Narayansthan is a village development committee in Baglung District in the Dhaulagiri Zone of central Nepal.It is located above the bank of Kali gandaki River. Now, it has become one of the major important place in baglung. They have planned to construct the domestic Airport. At the time of the 2011 Nepal census it had a population of 2,876 and had 781 houses in the town. The major castes living in the VDC are Brahman, Chhetry and Newar. There are 2 high schools - Janatadhan Higher School and Ganesh Secondary School and one campus. Krishna Gandaki Campus is at the premises of Janatadhan HSS. Ganesh Secondary School, one of the best schools in the region is known for its quality education movement. Established in 1957 [2014 BS] by Soldier Board (India), Ganesh Secondary School is one of the oldest schools. In 1964 [2021 BS], the Indian Soldier Board stopped its grant.
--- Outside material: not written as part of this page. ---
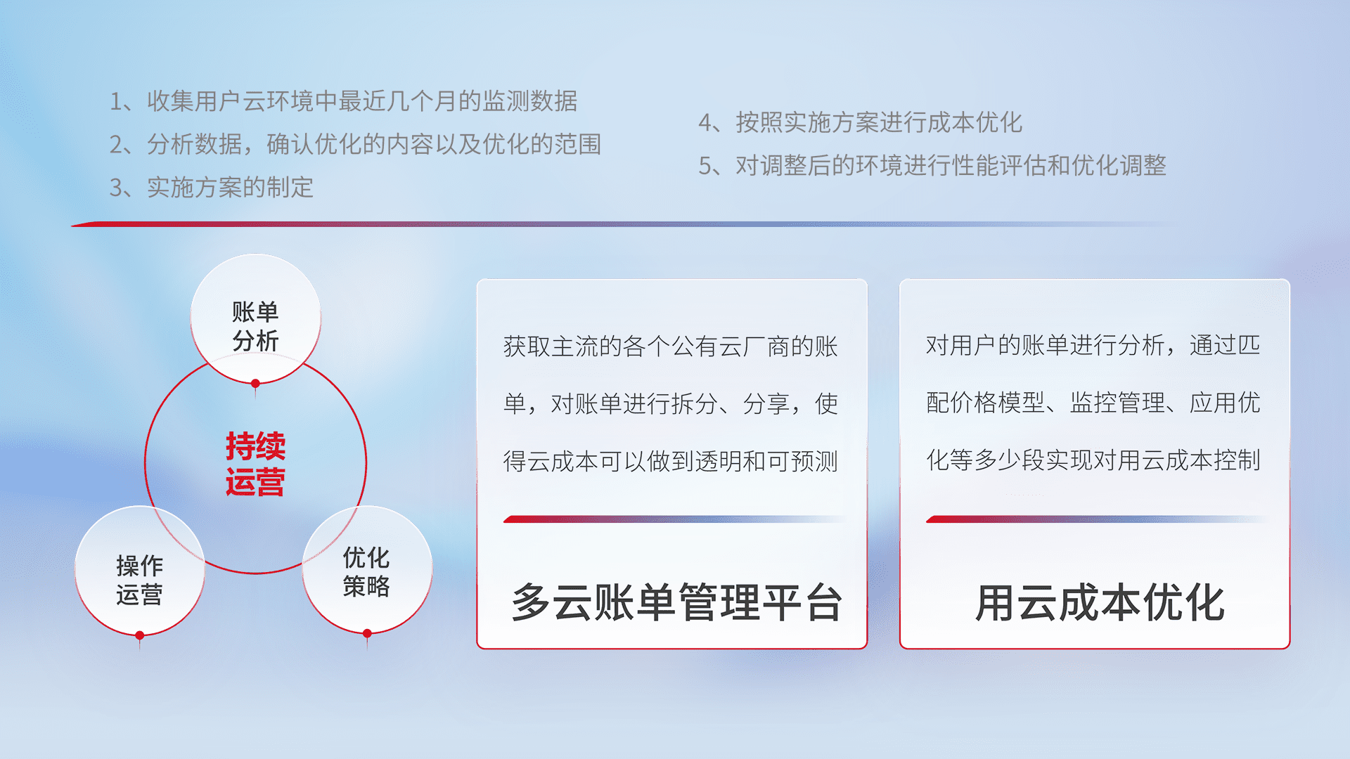 通过多云纳管,,,以统一的资源数据模型把客户的云资源进行抽象和封装,,,进而实现对多云资源的统一操作,,,保障云资源管理的可靠性、、稳定性与可用性。。。量身定制化运维内容,,配置、、、开发运维、、、补丁管理、、、备份、、、监控、、、、认证和访问管理、、审计和日常巡检等,,保障在用云过程中的可靠度,,,稳定度以及高可用率。。

Since there was no school support mechanism developed from the Government of Nepal, the school passed through many ups and downs. After Modern Education Act came in effect in 1971 BS [2028 BS], the school merged with Janatadhan Higher Secondary School. In 1980 [2037 BS], the school was reopened.

Hatiya, the oldest bazaar of the VDC lies in ward no 5 & 6. Thulakhor is emerging as new bazar along with Garlung. The VDC is only 9 km away from district headquarter, Baglung. Two gravel roads (Baglung - Kusmisera & Kaligandaki Corridor) pass through the VDC. A cable car joins Narayansthan to Kusma, the district headquarters of Parvat. A suspension bridge from Badgaun, Kusma to Kaiya (Narayansthan-9) is another way to travel to Narayansthan. Kaiya has fertile land.